Posted by: slaveofone | July 19, 2007 at 08:00 PM
Hi John,
I'm feeling very jealous of you all at SBL and reading through some of your blog archives to make myself feel better . . .
You raise a hugely important issue here, and one that has been a matter of frustration to me for some time. As a high school student I was desperate to learn Hebrew and Greek but in little old provincial NZ the options were severely limited - I deciphered and scribbled an an old second hand interlinear Bible as best I could!
And even when I got to Bible College the options weren't much better - the college where I was studying, while excellent at the applied theology side of things, didn't offer biblical languages at all. What I wouldn't give for one of your American-style summer school Hebrew crash courses!

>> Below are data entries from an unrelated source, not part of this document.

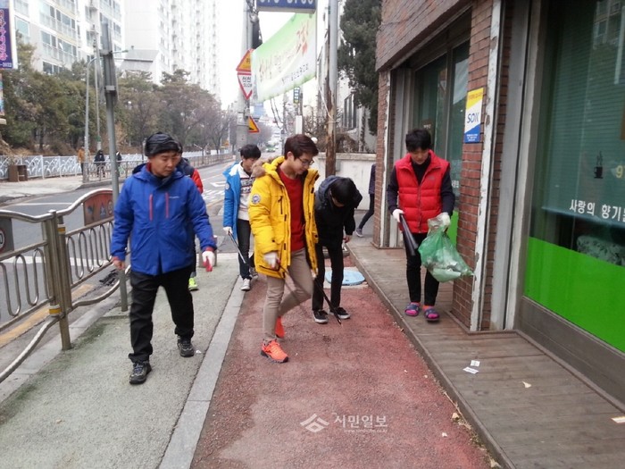 최근 경기 고양시 일산서구 일산1동 주민자치위원회가 학생 자원봉사자 40여명, 주민자치위원 15명이 참여해 주요 도로변과 이면도로, 다중이용시설을 중심으로 쓰레기를 수거하고 전단지 등의 불법광고물을 제거하는 환경정화활동을 실시했다. 사진은 쓰레기를 수거 중인 봉사자들의 모습. (사진제공=고양시청
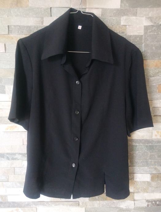 Ženska klasična črna bluza s kratkimi rokavi. Bluza se zapira na majhne črne gumbe. Velikost 40, dolžina 58 cm, širina čez prsi 53 cm, dolžina rokava 30 cm. Material, 80 % viskoza, 20 poliester. Malo nošena in zelo dobro ohranjena.
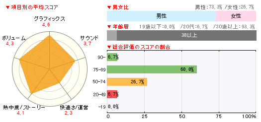 グラフィックス サウンド 快適さ/運営 熱中度/ストーリー ボリューム 5 3 3 4 4
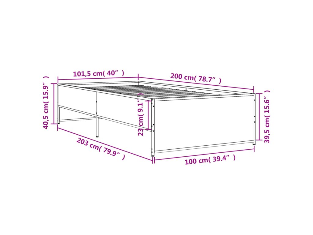 Rám postele kouřový dub 100 x 200 cm kompozitní dřevo a kov 845238
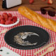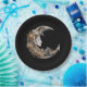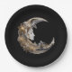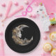Chapas de papel com uma bela ilustração. Um rosto feminino na lua rodeado de flores.
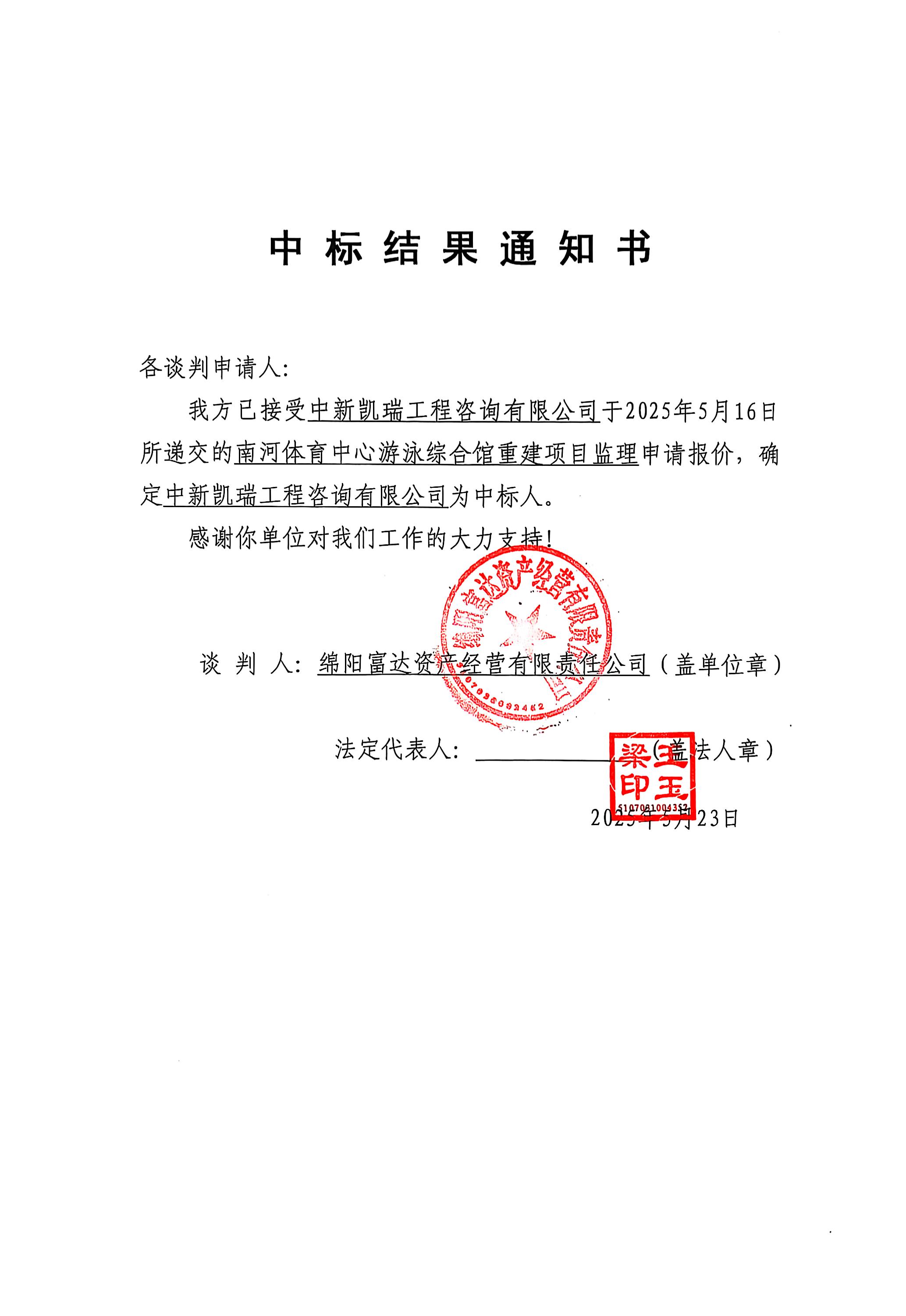 南河體育中心游泳綜合館重建項目監(jiān)理中標結果通知
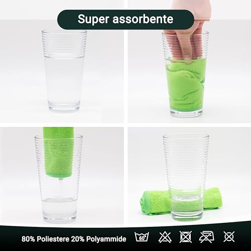 FACILI NELLA CURA- I panni in microfibra vengono solo inumiditi e quindi non necessitano di detergenti chimici - ideali per la cucina, l'auto e il bagno. Quando è il momento di lavare, i versatili panni in fibra fine possono essere lavati a 60°C.
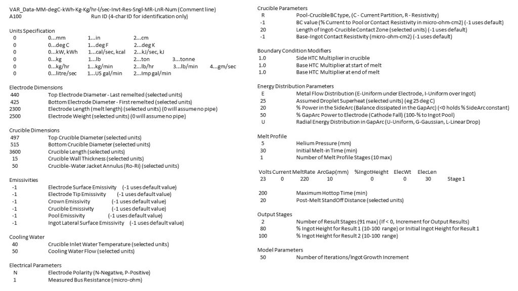 The resulting template will be applicable for melting a nominal 17 in (430 mm) diameter electrode of Alloy 718 into a nominal 20 in (510 mm) diameter crucible. A sample of a VARsim data file is displayed below. Once generated, such a data file may be edited within the Operating Parameter panel of VARsim, or with any text editor.

More recently I've enjoyed a Hebrew reading group with fellow postgrad students, which has been an enriching way of learning a little more. And now I've resorted to what you suggest in one of your other posts - learning by poetry - as my Hebrew study now takes the form of memorising Lamentations. Finally, i feel I'm getting somewhere!
But I think the issue is largely a cultural one - in Europe it's a matter of course to learn more than one language from an early age - and with all those other countries just over the border it makes a whole lot of sense. Whereas when you're on the other side of the world, surrounded by ocean, people look at you askance when you express an interest in German, Hebrew, whatever!
So, pushing thirty, I'm doing my best to wrap my head around Hebrew. One of these days I might even be able to do away with vocalisations.
Posted by: Miriam | November 23, 2009 at 12:46 PM
Hi Miriam,
I missed you at SBL but was pleased to make Tim Bulkeley's acquaintance in person. Yes, the subject matter of this post is dear to many of our hearts, and quite a few of us will continue blogging about it. There is so much more that could be done with the languages of the Bible at all levels.